Calculating Enthalpy Change from Bond Energies
Breaking bonds requires energy (endothermic), making bonds releases energy (exothermic). The difference gives the overall energy change.
ΔH = Energy to Break Bonds - Energy Released Making Bonds
ΔH = Σ(bonds broken) - Σ(bonds made)
+ΔH = endothermic, -ΔH = exothermic
Worked Example:
Calculate ΔH for: H₂ + Cl₂ → 2HCl
Bond energies: H-H = 436 kJ/mol, Cl-Cl = 242 kJ/mol, H-Cl = 431 kJ/mol
Step 1: Bonds broken (reactants)
1 × H-H + 1 × Cl-Cl = 436 + 242 = 678 kJ
Step 2: Bonds made (products)
2 × H-Cl = 2 × 431 = 862 kJ
Step 3: Calculate ΔH
ΔH = 678 - 862
ΔH = -184 kJ/mol (exothermic)
Practice Problem:
Calculate ΔH for: CH₄ + 2O₂ → CO₂ + 2H₂O
Bond energies: C-H = 413, O=O = 498, C=O = 805, O-H = 464 kJ/mol
Show Answer
Broken: 4(C-H) + 2(O=O) = 4(413) + 2(498) = 2648 kJ
Made: 2(C=O) + 4(O-H) = 2(805) + 4(464) = 3466 kJ
ΔH = 2648 - 3466 = -818 kJ/mol
Reading Energy from Diagrams
Energy profile diagrams show reactants, products, and activation energy. Learn to read values directly from these graphs.
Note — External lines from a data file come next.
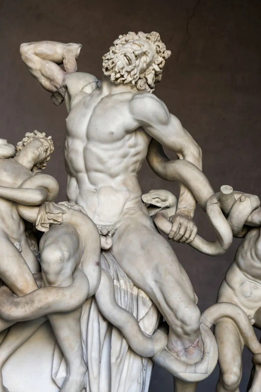 조각의 천재인 미켈란젤로조차 흉내 낼 수 없다고 이야기한 라오콘 조각상은 트로이 목마의 비밀을 폭로한 죄로 두 아들과 함께 뱀에 물려 죽어가는 트로이의 신관 라오콘의 모습을 생생하게 보여준다.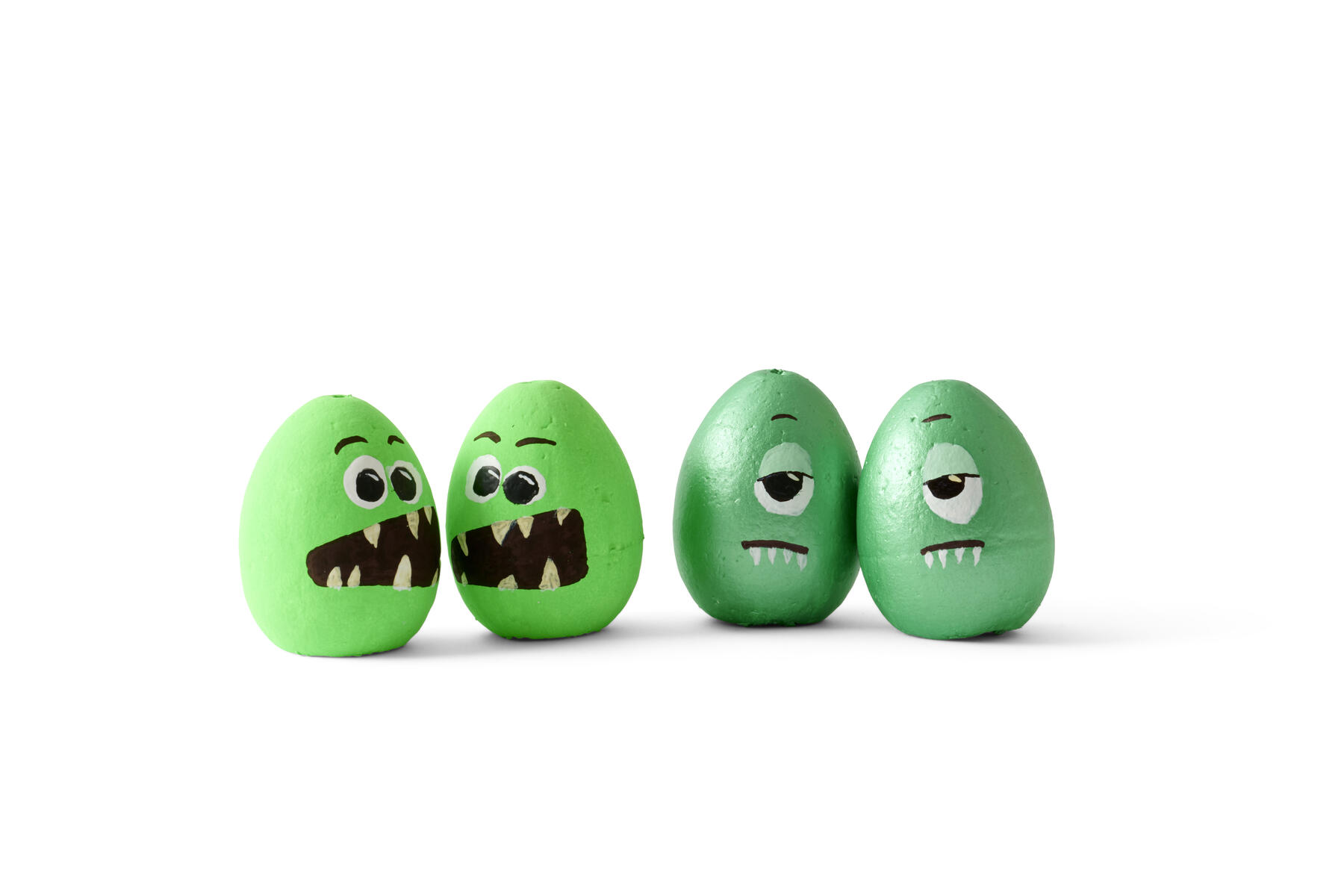- Måla ägg i neongrön eller pärlemorgrön. Låt torka och måla ytterligare ett lager.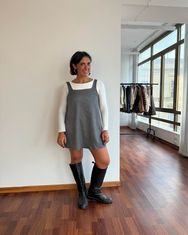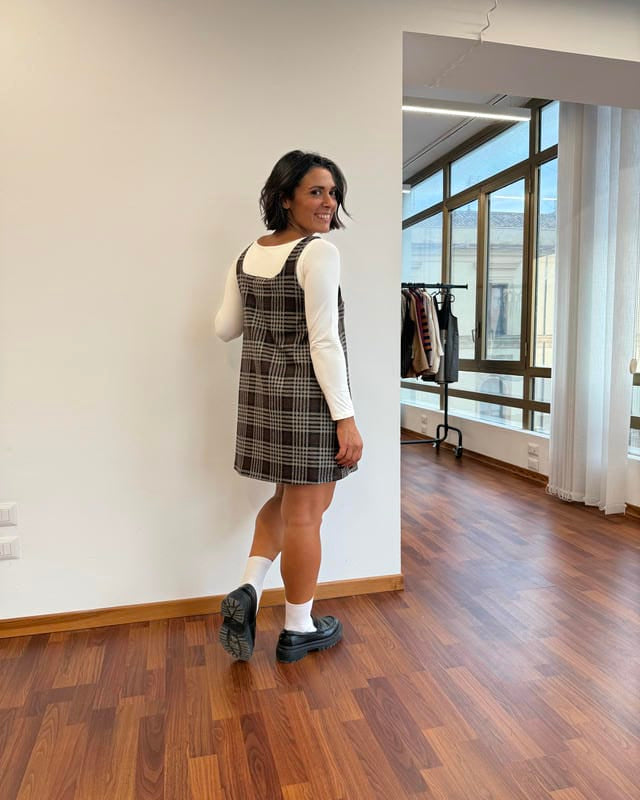 M: seno 94 cm, lunghezza 82 cm. Veste la taglia 44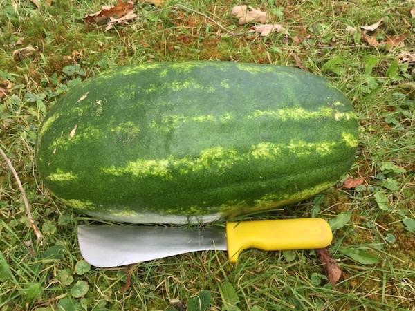 An extra big and bulky elongated Sangria-type with intensely sweet deep red flesh, this beast rocked the scales at 15–20 lb even in Maine’s cool slow-starting summer of 2019. Three monsters per plant were cut from thick rambunctious vines more akin to winter squash in vigor. Long keeping and shipping qualities result from a solid rind thickly swathed in dark green with thin light streaks.

ΔH = Products Energy - Reactants Energy
Activation energy (Ea) = Peak - Reactants
Worked Example:
An energy diagram shows: Reactants at 100 kJ, Products at 40 kJ, Peak at 150 kJ. Calculate ΔH and Ea.
Enthalpy change:
ΔH = 40 - 100 = -60 kJ (exothermic)
Activation energy:
Ea = 150 - 100 = 50 kJ
Practice Problem:
A reaction has ΔH = +80 kJ and Ea = 120 kJ. If the reactants are at 50 kJ, what are the energy levels of the products and the peak?
Show Answer
Products = Reactants + ΔH = 50 + 80 = 130 kJ
Peak = Reactants + Ea = 50 + 120 = 170 kJ
5. Chromatography (Extended)
Chromatography separates mixtures based on how substances travel through a medium. Rf values help identify unknown substances.
Calculating Rf Value
The Rf (retention factor) is unique to each substance under the same conditions. Compare Rf values to identify unknown substances.
Rf = Distance moved by substance ÷ Distance moved by solvent
Rf = d(substance) / d(solvent)
Rf is always between 0 and 1 (no units)
Worked Example:
In a chromatography experiment, the solvent front moved 8 cm from the baseline. A substance moved 5.6 cm. Calculate its Rf value.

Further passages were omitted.